So, it occurred to me today that this was the very best sign one could have wanted that the whole thing was about to explode. Why? Well, I've put together a little graphic novel showing the logic. First, you have the Great Moderation, which is the precipitous decline in the volatility of GDP since the early 80's. The Fed paper cited above explores a few explanations of what might have caused this, but I think that privately the keeps of the money trust were pretty sure it was their beneficent wisdom and foresight.
What the Fed paper does not seem to explore is the fact that there was coincidentally an explosion of debt at the national, corporate, and household level over precisely this same period. So this chart shows you aggregate US indebtedness as a percentage of GDP.
More than a little curious, no. And so but well, then, what did we do with all this debt anyway?

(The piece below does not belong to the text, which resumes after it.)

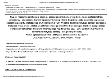 10.12.2014 bzp1.portal.uzp.gov.pl/index.php?ogloszenie=show&pozycja=255955&rok=20141210 Ogłoszenie powiązane: Ogłoszenie nr 2369212014 z dnia 20141113 r. Ogłoszenie o zamówieniu Słupsk Kurs Profesjonalny sprzedawca nowoczesne techniki sprzedaży i obsługi klienta 1. Grupa docelowa: 1 osoba kobieta, posiadająca wykształcenie średnie ogólne. 2. Zamówienie realizowane w łącznej liczbie 100 godzin, z czego zajęcia... Termin składania ofert: 20141121 Słupsk: Przedmiot zamówienia obejmuje zorganizowanie i przeprowadzenie kursu profesjonalnego sprzedawcy nowoczesne techniki sprzedaży i obsługi klienta dla jednej osoby z powiatu słupskiego uczestnika projektu pilotażowego pn. Schematom STOP! Wspólne działania instytucji pomocy społecznej i instytucji rynku pracy pilotaż, współfinansowanego przez Unie Europejską ze środków Europejskiego Funduszu Społecznego Programu Operacyjnego Kapitał Ludzki 2007 2013 Działanie 1.2 Wsparcie systemowe instytucji pomocy i integracji społecznej Numer ogłoszenia: 255955 2014; data zamieszczenia: 10.12.2014 OGŁOSZENIE O UDZIELENIU ZAMÓWIENIA Usługi Zamieszczanie ogłoszenia: obowiązkowe. Ogłoszenie dotyczy: zamówienia publicznego. Czy zamówienie było przedmiotem ogłoszenia w Biuletynie Zamówień Publicznych: tak, numer ogłoszenia w BZP: 236921 2014r. Czy w Biuletynie Zamówień Publicznych zostało zamieszczone ogłoszenie o zmianie ogłoszenia: nie. SEKCJA I: ZAMAWIAJĄCY I. 1) NAZWA I ADRES: Powiatowe Centrum Pomocy Rodzinie, Al. Sienkiewicza 20, 76200 Słupsk, woj. pomorskie, tel. 59 8414311, faks 59 841 0196. I. 2) RODZAJ ZAMAWIAJĄCEGO: Administracja samorządowa. SEKCJA II: PRZEDMIOT ZAMÓWIENIA http://bzp1.portal.uzp.gov.pl/index.php?ogloszenie=show&pozycja=255955&rok=20141210 1/4 10.12.2014 bzp1.portal.uzp.gov.pl/index.php?ogloszenie=show&pozycja=255955&rok=20141210 II.1) Nazwa nadana zamówieniu przez zamawiającego: Przedmiot zamówienia obejmuje zorganizowanie i przeprowadzenie kursu profesjonalnego sprzedawcy nowoczesne techniki sprzedaży i obsługi klienta dla jednej osoby z powiatu słupskiego uczestnika projektu pilotażowego pn. Schematom STOP! Wspólne działania instytucji pomocy społecznej i instytucji rynku pracy pilotaż, współfinansowanego przez Unie Europejską ze środków Europejskiego Funduszu Społecznego Programu Operacyjnego Kapitał Ludzki 2007 2013 Działanie 1.2 Wsparcie systemowe instytucji pomocy i integracji społecznej. II.2) Rodzaj zamówienia: Usługi. II.3) Określenie przedmiotu zamówienia: Kurs Profesjonalny sprzedawca nowoczesne techniki sprzedaży i obsługi klienta 1. Grupa docelowa: 1 osoba kobieta, posiadająca wykształcenie średnie ogólne. 2. Zamówienie realizowane w łącznej liczbie 100 godzin, z czego zajęcia teoretyczne stanowić będą 30 godzin dydaktycznych, zajęcia praktyczne stanowić będą 70 godzin zegarowych. 3. Termin realizacji kursu: do 22 grudnia 2014 r., (dokładny harmonogram zajęć ustalony zostanie na etapie zawierania umowy z Wykonawcą). 4. Miejsce realizacji zamówienia: 1) Zajęcia teoretyczne: sala szkoleniowa na terenie miasta Słupsk, przystosowana do potrzeb przeprowadzenia zajęć teoretycznych z kursu profesjonalnego sprzedawcy nowoczesne techniki sprzedaży i obsługi klienta; 2) Zajęcia z praktycznej nauki zawodu: sklep / punkt usługowy na terenie miasta Słupsk, wykluczający kontakt z żywnością, a umożliwiający bezpośrednie zastosowanie w praktyce nowoczesnych technik sprzedaży (np.: salon telefonii komórkowej, sklep z biżuterią, salon samochodowy i inne); 1. Zakres merytoryczny kursu: 1) obsługa kasy fiskalnej, obsługa terminali płatniczych, fakturowanie (poziom zaawansowany); 2) obsługa programu handlowo magazynowego; 3) podstawowe zagadnienia bhp i prawa pracy; 4) towaroznawstwo, przygotowanie towaru do sprzedaży; 5) rachunkowość sklepowa; 6) nowoczesne techniki sprzedaży (budowanie wizerunku firmy, fachowa prezentacja towaru, prowadzenie właściwej rozmowy sprzedażowej); 7) profesjonalna autoprezentacja; 8) psychologia sprzedaży; 9) negocjacje biznesowe; 2. Wykonawca zobowiązany jest do: 1) skierowania i sfinansowania badań z zakresu Medycyny Pracy ( pod kątem przeciwwskazań do wykonywania zawodu profesjonalnego sprzedawcy) badania należy przeprowadzić przed dniem rozpoczęcia kursu; 2) zapewnienia poczęstunku kawowego w każdym dnia kursu oraz ciepłego posiłku w formie drugiego dania z kompotem w przypadku zajęć trwających co najmniej 6 godzin w ciągu dnia; 3) zapewnienia niezbędnych materiałów i akcesoriów do przeprowadzenia kursu profesjonalnego sprzedawcy nowoczesne techniki sprzedaży i obsługi klienta; 4) zapewnienia odzieży ochronnej (jeżeli wystąpi taka konieczność); 5) zapewnienie materiałów piśmienniczych na potrzeby organizacji kurs; 6) ubezpieczenia uczestnika kursu od następstw nieszczęśliwych wypadków na kwotę minimalną 10000,00 zł (Wykonawca dostarczy kopię polisy Zamawiającemu przed rozpoczęciem kursu); 7) zapewnienia Sali szkoleniowej do przeprowadzenia zajęć teoretycznych oraz zapewnienia miejsca do praktycznej nauki zawodu (tj. sklep / punkt usługowy wykluczający kontakt z żywnością, a umożliwiający bezpośrednie zastosowanie w praktyce nowoczesnych technik sprzedaży np.: salon telefonii komórkowej, sklep z biżuterią, salon samochodowy i inne); 8) udostępnienia na czas trwania kursu innych akcesoriów poza wyżej wymienionymi niezbędnych do przeprowadzenia kursu profesjonalnego sprzedawcy nowoczesne techniki sprzedaży i obsługi klienta; 9) zapewnienia materiałów szkoleniowych http://bzp1.portal.uzp.gov.pl/index.php?ogloszenie=show&pozycja=255955&rok=20141210 2/4 10.12.2014 bzp1.portal.uzp.gov.pl/index.php?ogloszenie=show&pozycja=255955&rok=20141210 oraz jeden dodatkowy egzemplarz do dokumentacji projektowej; 10) przeprowadzenia wewnętrznego egzaminu końcowego wg aktualnie obowiązujących przepisów prawa i wydania uczestnikow

It must have gone to build more stuff, and that can't be such a bad thing, right? Unfortunately, the all this new debt got less and less effective over time, meaning that instead of being invested in some productive asset, it was basically just going straight into consumption. In other words, it's pretty easy for you to buy more stuff if you just go further and further into hock.
Now, you tell me where you think the Great Moderation maybe came from. And what you think it was a sign of. And who you think should be lauded for its wonders.In fact, we've recently seen another remarkably moderate pattern of increases come to an abrupt end. Here is what happened to your money if you invested with Bernie Madoff:
At any rate, I presume that eventually we will fix the jukebox, set the music to playing and the bankers to dancing, and happy days will be here again -- but for now, the age of the Ponz is over.